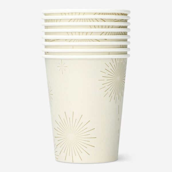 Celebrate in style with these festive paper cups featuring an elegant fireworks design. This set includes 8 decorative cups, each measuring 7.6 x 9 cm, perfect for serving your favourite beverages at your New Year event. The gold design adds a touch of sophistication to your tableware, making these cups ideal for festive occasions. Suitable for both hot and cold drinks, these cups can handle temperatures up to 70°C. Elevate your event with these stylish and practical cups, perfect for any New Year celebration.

* * *

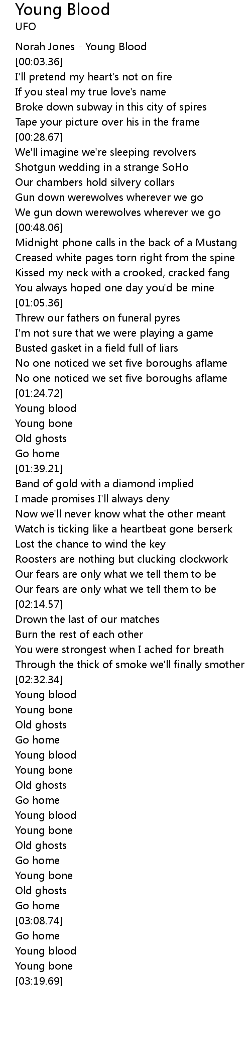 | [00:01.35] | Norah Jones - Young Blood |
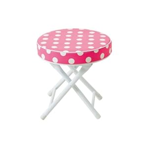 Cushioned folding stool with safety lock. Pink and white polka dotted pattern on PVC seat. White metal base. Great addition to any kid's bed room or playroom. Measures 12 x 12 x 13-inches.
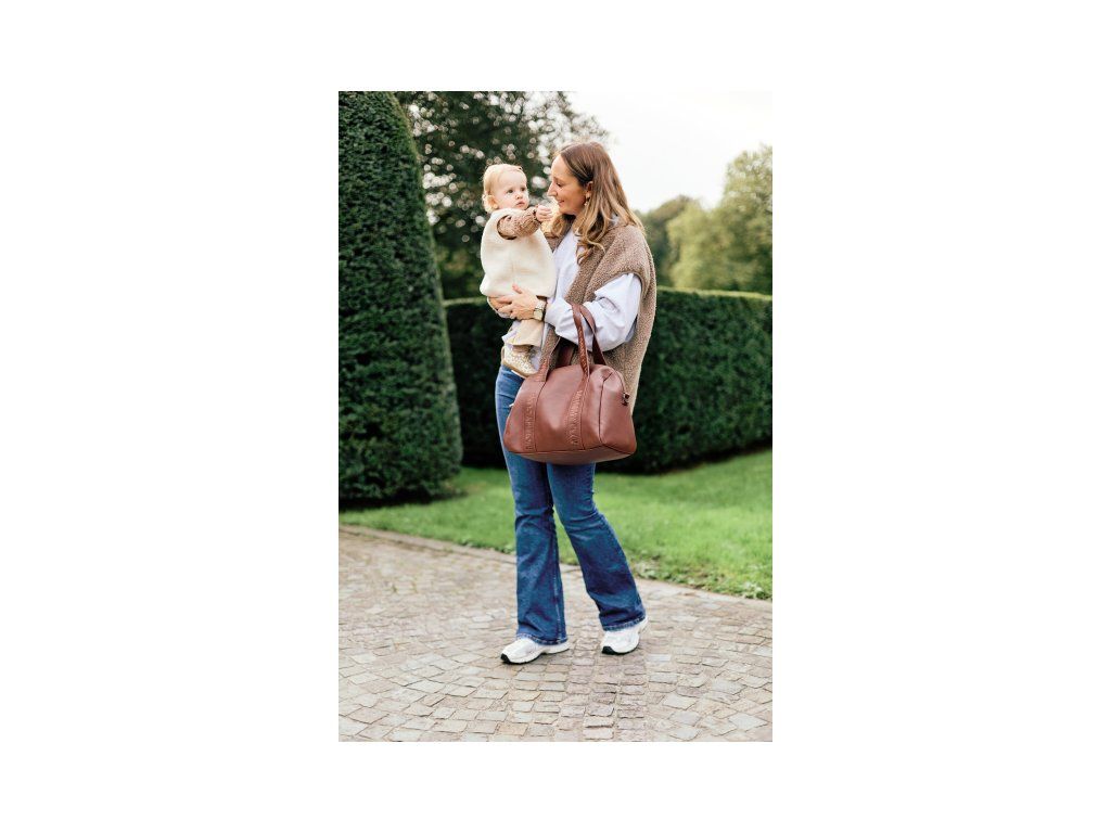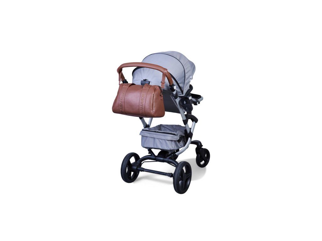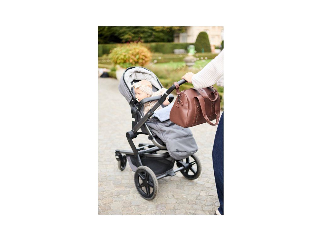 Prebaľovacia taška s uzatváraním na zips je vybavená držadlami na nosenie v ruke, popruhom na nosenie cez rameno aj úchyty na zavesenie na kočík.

*What is needed*
In the material above, the stretch from the line with "Young Blood |" through the line with "Prebaľovacia taška s" is to be given again exactly, minus the pictures.

*Your solution*
 | [00:01.35] | Norah Jones - Young Blood |
 Cushioned folding stool with safety lock. Pink and white polka dotted pattern on PVC seat. White metal base. Great addition to any kid's bed room or playroom. Measures 12 x 12 x 13-inches.
 Prebaľovacia taška s uzatváraním na zips je vybavená držadlami na nosenie v ruke, popruhom na nosenie cez rameno aj úchyty na zavesenie na kočík.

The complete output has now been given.